Decisão é da ministra Cármen Lúcia, do STF / Foto: Reprodução

A ministra Cármen Lúcia, do Supremo Tribunal Federal (STF), negou pedido de trancamento de ação penal contra uma estudante maranhense acusada de fraudar bolsas de estudos na Universidade Ceuma, através do Programa Universidade para Todos (ProUni). A decisão foi publicada na última sexta-feira, 18, nos autos do Habeas Corpus (HC) nº 277.215, com fundamento na jurisprudência consolidada da Corte.

De acordo com a denúncia apresentada à Justiça Federal pelo Ministério Público Federal (MPF) e à qual o blog do Isaías Rocha teve acesso, o crime teria ocorrido entre fevereiro de 2018 e fevereiro de 2020. Segundo o Parquet, mediante fraude, a estudante conseguiu se matricular, simultaneamente, em dois cursos superiores, um vinculado à Universidade CEUMA e o outro à Universidade Federa do Maranhão – UFMA, em afronta ao Decreto nº 5.493/2005, que veda tal acumulação.

Contexto

O órgão ministerial destacou que a denunciada estava listada como aluna ativa no curso de Serviço Social da UFMA, frequentando o nono semestre em 2019.4, com previsão de rmino para o semestre letivo de 2021.2. Simultaneamente, ela encontrava-se matriculada regularmente no Ceuma para o primeiro semestre letivo de 2020, no terceiro período do curso de Direito/Noturno, na unidade do Anil. Além disso, a instituição de ensino superior privada comunicou que a estudante era beneficiária de uma bolsa do ProUni de 50% para o curso de Administração no período noturno, também na mesma unidade.

Prejuízo

Por esse motivo, o MPF aponta que a reparação dos danos causados inclui a mensalidade do curso de Direito/Noturno, que era de R$ 1.578,73 em 2018, ano em que a denunciada completou o segundo semestre integralmente com uma bolsa integral.

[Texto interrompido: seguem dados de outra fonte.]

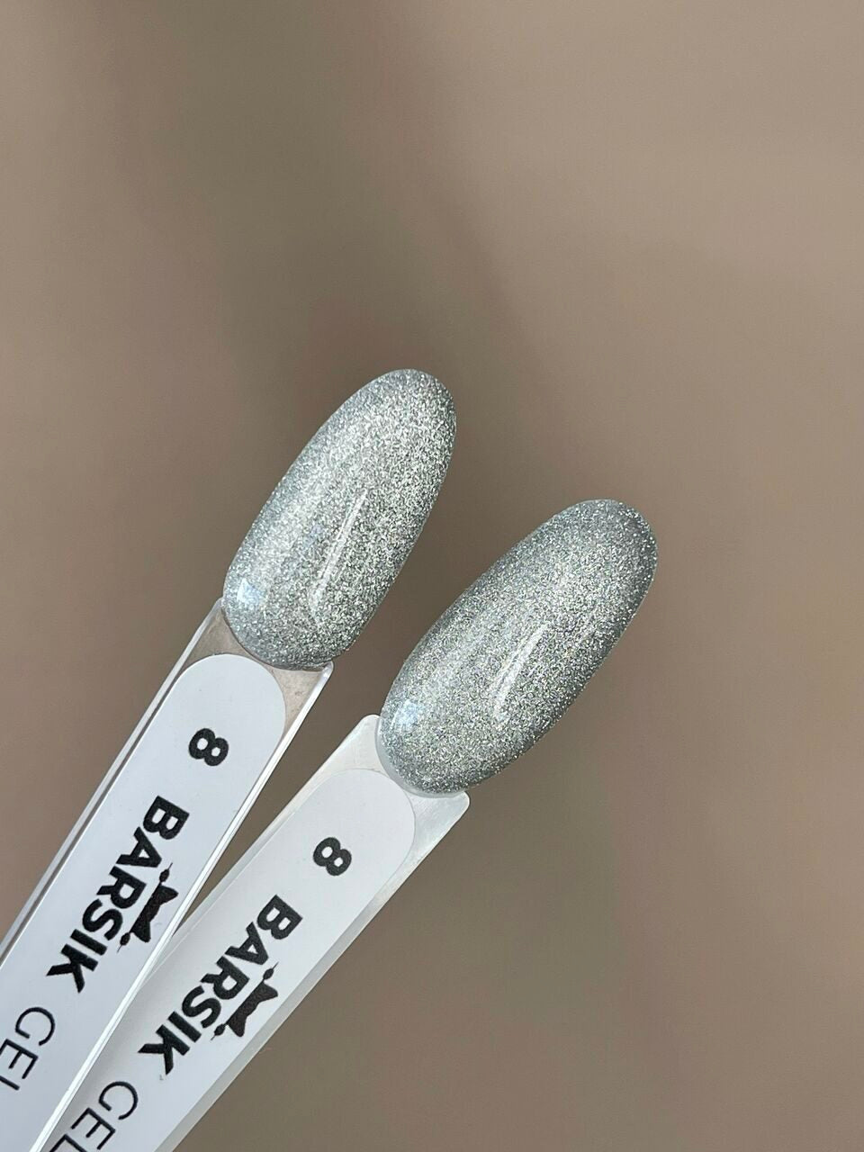 ✔️ Shade: Barsik Gel Polish №8 – Cool silver with bright reflective micro-shimmer

Em 2019, conforme o o defensor da ordem jurídica, a mensalidade foi de R$ 1.686,08, com a mesma frequência completa, gerando um prejuízo total de pelo menos R$ 29.705,34.

“Este valor não considera a bolsa de 50% para o curso de Administração/Noturno no primeiro semestre de 2018, nem o custo da matrícula de 2020 que foi realizada, mas posteriormente trancada”, diz trechos da denúncia.

ANPP rejeitado

Com a proposta de Acordo de Não Persecução Penal (ANPP) rejeitada pela defesa, a denúncia foi aceita em 31 de maio de 2022. Contudo, a decisão foi contestada através de habeas corpus julgado pelo Tribunal Regional Federal da 1ª Região (TRF1) e por meio de recurso ordinário, que foi analisado no acórdão do Superior Tribunal de Justiça (STJ).

Tese da defesa

No habeas corpus com requerimento de medida liminar, impetrado no STF na última quinta-feira, 17, em nome da acusada, o advogado André Victor Pires Machado reitera o pedido de arquivamento da ação penal. O defensor alegou que a tese defendida não questiona a inconstitucionalidade do decreto, mas sim a atipicidade devido à ausência de uma lei formal, indicando que a conduta atribuída não era proibida por lei na época dos acontecimentos.

Improcedente

Ao analisar o pedido, Cármen Lúcia declarou que a jurisprudência prevê a possibilidade de negar seguimento a um habeas corpus que seja claramente inadmissível, improcedente ou em desacordo com a jurisprudência dominante, ainda que tal decisão esteja sujeita a um recurso de agravo regimental.

Sem segredo

Em sua decisão, a relatora determinou o levantamento do segredo de justiça, argumentando que não existemrequerimentos de prisão, busca e apreensão, quebra de sigilo telefônico, bancário, fiscal e telemático, interceptação telefônica, entre outras medidas cautelares“, que serão processadas e analisadas separadamente e sob sigilo.